# Monster red



## domci08 (Apr 9, 2013)

Just enjoy this picture, beautiful , healthy 40,5" red drum.


----------



## panhandleslim (Jan 11, 2013)

That's a stud Red. Put up a good fight?


----------



## cobe killer (Apr 13, 2008)

good pic!! nice healthy red drum for sure. love the color of them fish. me being a redhead i'm a little partial.


----------



## kyle_dj82 (Oct 26, 2011)

Wow. Congrats on landing that beast of a fish! I'm still learning about surf fishing but you better believe that is on my must catch list for 2013!


----------



## jkw1119 (Apr 15, 2013)

very nice catch..congratulations,beautiful color..i love catching and releasing those studs


----------



## domci08 (Apr 9, 2013)

Got it on 15# fluocarbon , with an egg size sand flea , put up a good fight. Got a few pictures and released him safely .


----------



## Magic Mike (Jun 30, 2009)

Slob's got a bit of a beer belly to him!
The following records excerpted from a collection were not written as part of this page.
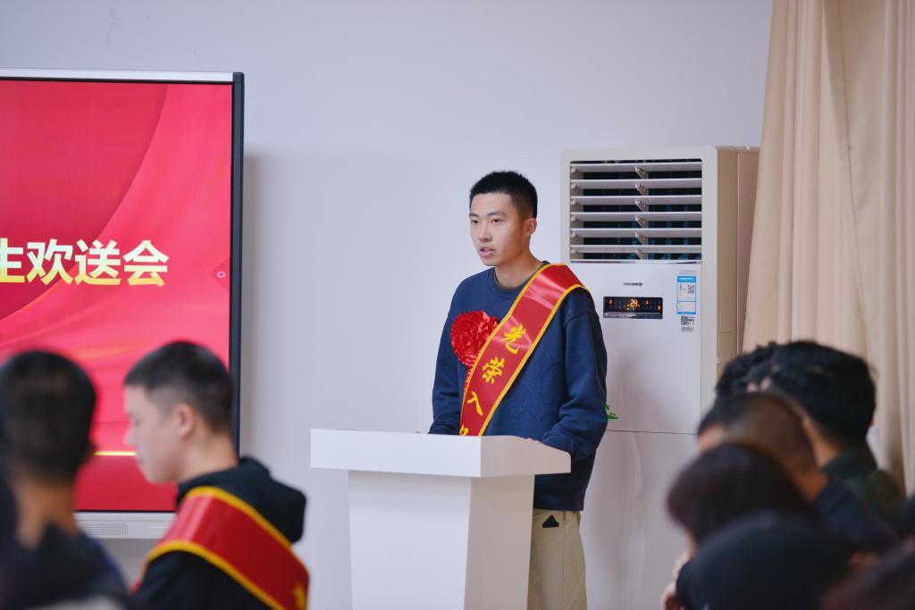 会上,国际工学院文梓涵同学代表入伍学生发言。他承诺将时刻牢记家人和学校的嘱托,不断磨砺意志,提升军事技能,努力成为一名政治合格、军事过硬、作风优良的新时代军人。方琼为入伍学生赠送了纪念品,并合影留念。
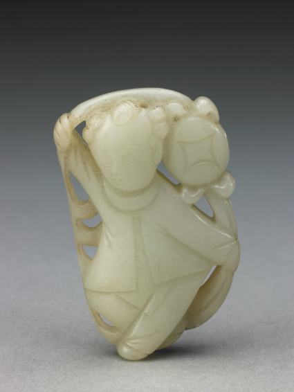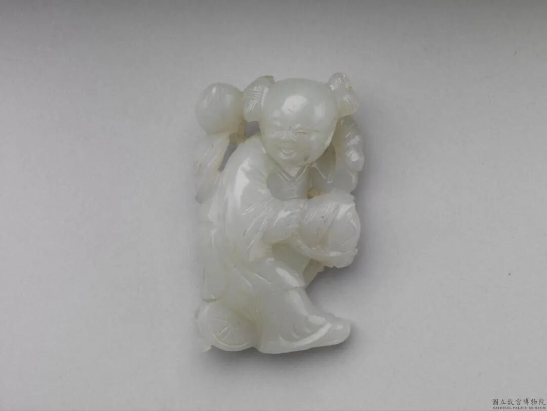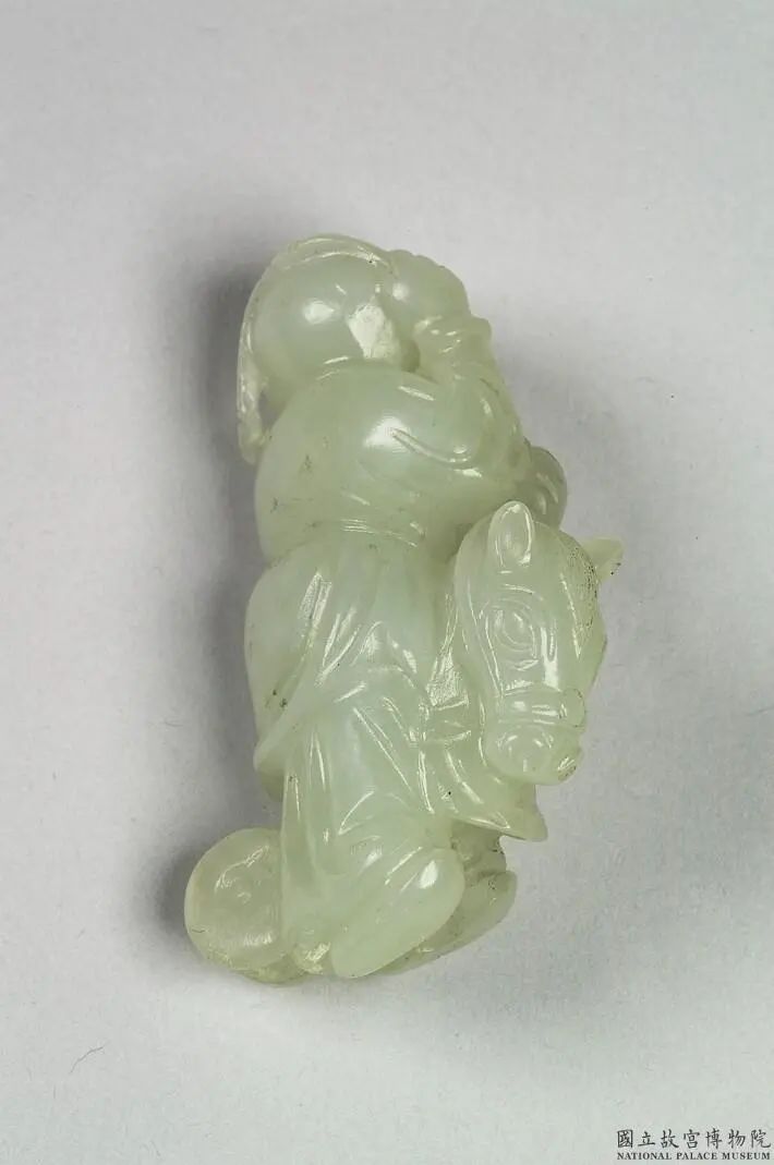 高5.3公分。白玉,立雕一童子,梳双髻,穿著交襟长上衣及长裤,身披一彩带,背一有桃实的桃枝,骑有轮的竹马。表情愉悦生动,衣饰线条细腻精致,一丝不紊。
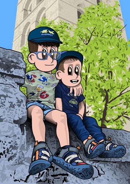 Creación de retratos o recreaciones de situaciones a partir de fotos de los protagonistas de la ilustración.
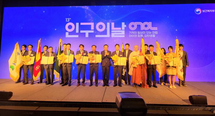 [°ø°£´º½º = ±è¼ö±Ù±âÀÚ] Àü¶ó³²µµ´Â 11ÀÏ ¿þ½ºÆ¾ Á¶¼± ¼¿ï¿¡¼ ¿¸° º¸°Çº¹ÁöºÎÀÇ Á¦13ȸ Àα¸ÀÇ ³¯ ±â³ä½Ä¿¡¼ ¡®Àü³²µµ¡¤½Ã±º Ãâ»ý¼ö´ç¡¯, ¡®Àü³²Çü ¸¸¿øÁÖÅᯠµî Á¤Ã¥ ÃßÁø °ø·Î·Î ±¤¿ª´Üü¿¡¼ À¯ÀÏÇÏ°Ô Àα¸Á¤Ã¥ À¯°ø ´ëÅë·É ±â°ü ǥâÀ» ¼ö»óÇß´Ù.
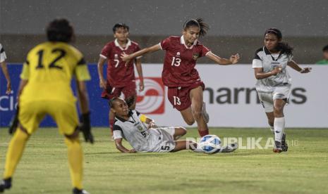 Pesepak bola Timnas Wanita Indonesia U-19 Claudia Alexandra Scheunemann (kedua kanan) berebut bola dengan pesepak bola Timor Leste Virginia Fatima Da Silva Branco (kiri bawah) pada pertandingan penyisihan grup A AFF U-19 Women Championship 2023 di Stadion Gelora Sriwijaya Jakabaring (GSJ) Palembang, Sumatera Selatan, Rabu (5/7/2023). Indonesia menang dengan skor 7-0. (FOTO : ANTARA FOTO/Nova Wahyudi)
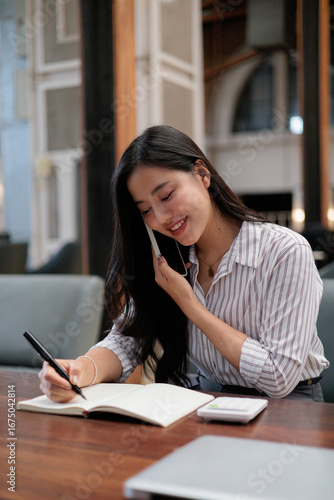 businesswoman, phone, office, woman, business, work, working, laptop, notebook, writing, note, call, talking, smartphone, mobile, communication, technology, desk, workspace, modern, professional, career, entrepreneur, freelance, startup, asia, asian, young, adult, female, smile, happy, cheerful, elegant, stylish, indoor, interior, design, architecture, natural, light, day, vertical, 1, person, looking
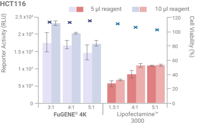 Fugene 4K je nejnovějším přídavkem do rodiny transfekčních činidel pro transfekci DNA. Oproti klasickému HD má vylepšené složení a poskytuje vyšší účinnost přenosu DNA a šetrnost u klasických linií i u náročnějších primárních buněk. Fugene 4K doporučujeme pro ty případy, kde klasický Fugene 6 nebo HD neposkytuje dobré výsledky. Obzvláště vhodný je pro:
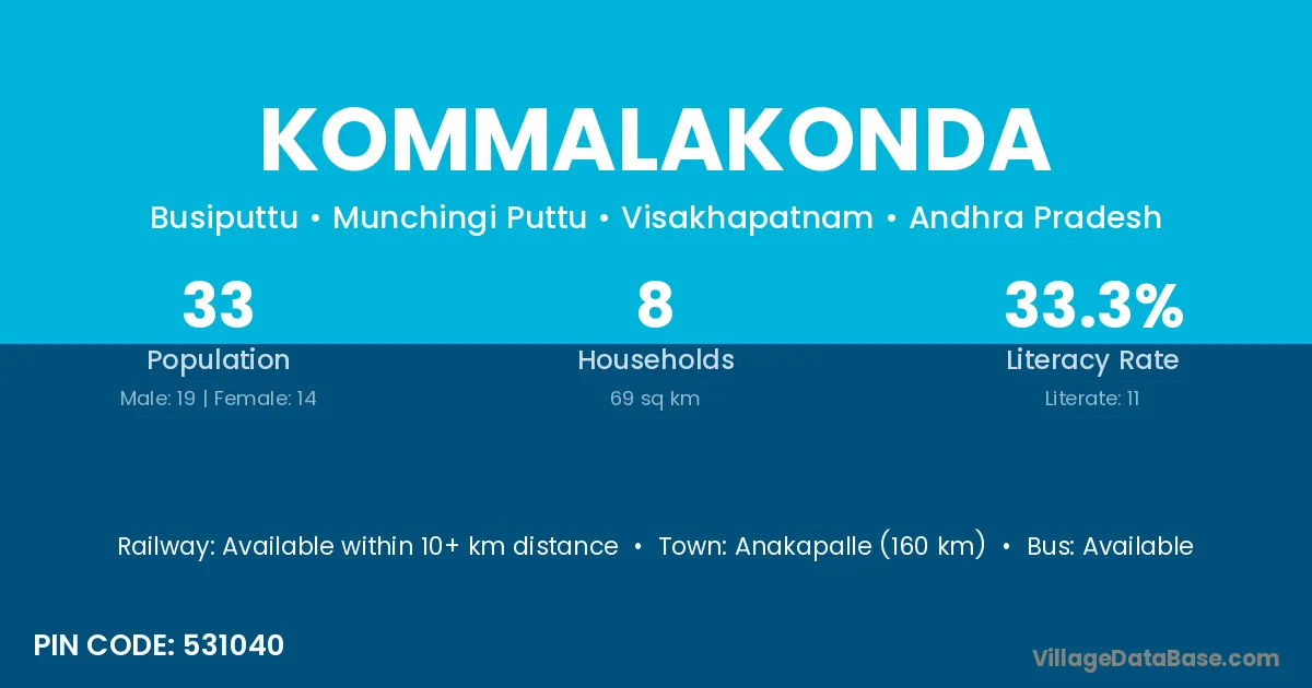 Kommalakonda village has a total population of 33 people, of which 19 are males and 14 are females.
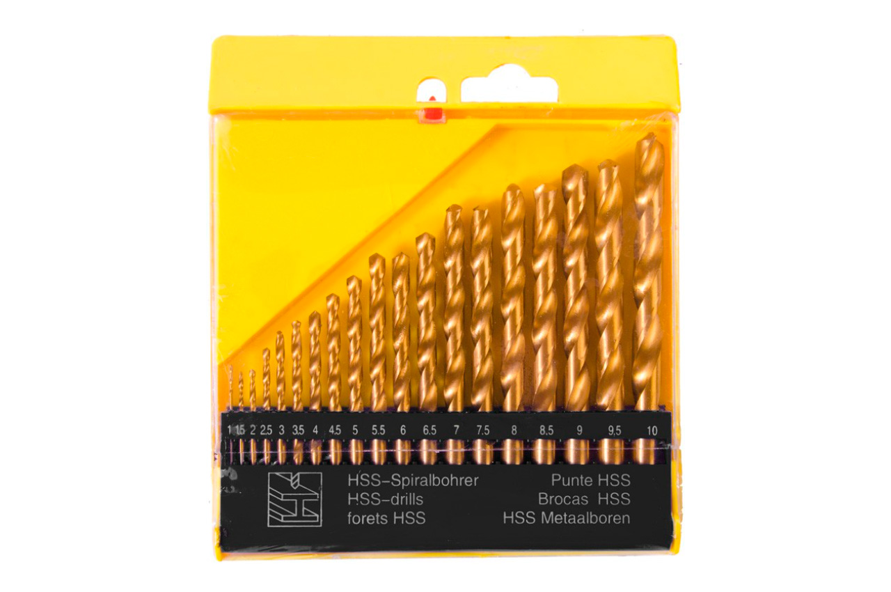 Набор сверл по металлу Mastertool - 19 шт. (1-10 мм), титан

Great fish


----------



## kilroy1117 (Mar 11, 2013)

Dear god. That's awesome. Bravo, sir!


----------



## foreverfishing (Nov 30, 2012)

wesome job man. biggest red i've seen.


----------



## N784a (Mar 22, 2013)

Congrats bro....what size rod and reel did you use?


----------



## mjferencak (Mar 9, 2013)

I envy you! I wish I could be fishing during the weekday mornings. Best time to fish. Damn job.


----------



## domci08 (Apr 9, 2013)

Rod: penn power stick 10' , reel: Daiwa emblem pro 5500, 20# braid line. Pompano rig with 15# fluocarbon leader on 40# main leader.


----------



## Flats15 (Mar 20, 2013)

Nice!!! Beautiful color to that red!! So cool that you got him on a flea. Usually get mine on shrimp


----------



## lowprofile (Jan 6, 2013)

nice! i just got a 40-41" the other night too.


----------



## bigassredfish (Apr 3, 2011)

Flourocarbon is the way to do it! Well done.


----------